On Jan 13, 2008 5:18 PM, Ivan Shmakov <ivan@theory.asu.ru> wrote:

> Hi Ivan, thanks for you impressive suggestions!

        Thank you for reading it. I hope I'd have the time to
        demonstrate these ideas in a working application.

> I have right now added a tiny contribution from Soeren Gebbert with a
> few bugfixes from me into GRASS Addons-SVN:

> r.rast4d + tg.* - raster time series SQL support

        ... May I suggest s/directoy/directory/ on QuickStart.txt?

Fixed.

        Take a look at the minor change for lib/insert_raster.sh as well
        (attached.)

Looks much more polished. But it looks like bash to me, right?
So far we try to avoid bash-isms in GRASS for portability.
Or will it run with ash, too?

> This is a scripted approach to register time series of raster maps
> into a SQLite database. Comes in handy when dealing with thousands
> of MODIS maps for example.

        While I have nothing against implementing time series this
        particular way, I doubt this approach will scale well to cover
        the other areas I had mentioned.

        In particular, I believe that the generic arrays storage
        facility is needed in GRASS for a long time. At the very least,
        the ability to access arbitrary arrays in `r.mapcalc'
        expressions sounds quite appealing to me.

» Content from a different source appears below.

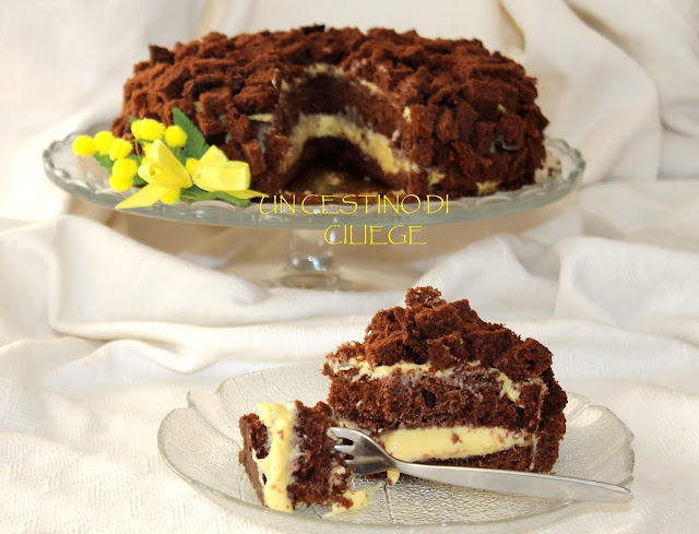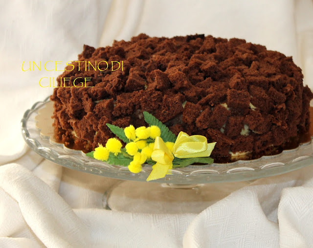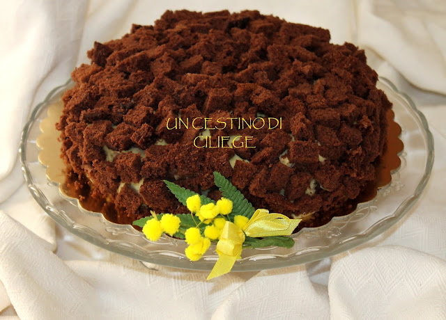 Torta mimosa al cacao, soffice e gustosa, aromatizzata con liquore ai mirtilli e farcita con

        Implementing this facility would effectively split the raster
        data set implementation into the generic ``raster'' (or
        ``array'') part and the specific ``geospatial'', ``color
        mapping'', and ``who knows what'' ones.

I do agree that the raster part needs a radical renovation. Some
team members also have ideas here - hope it comes true for
GRASS 7.

Markus

Markus Neteler <neteler@osgeo.org> writes:

[...]

>> Take a look at the minor change for lib/insert_raster.sh as well
>> (attached.)

> Looks much more polished. But it looks like bash to me, right? So
> far we try to avoid bash-isms in GRASS for portability. Or will it
> run with ash, too?

  It seems that both `local' and `$(COMMAND)' are available in
  either `dash' or BusyBox' `ash', e. g.:

$ cat test.sh
a=
f () { local a="$1" ; echo "$a" ; }
f "$(echo Hello, world\!)"
echo "\"$a\" is expected to be an empty string"
$ dash test.sh
Hello, world!
"" is expected to be an empty string
$ ash test.sh
Hello, world!
"" is expected to be an empty string
$

  It's probably reasonable to require a Shell implementation with
  either once you're depending on Shell functions being available.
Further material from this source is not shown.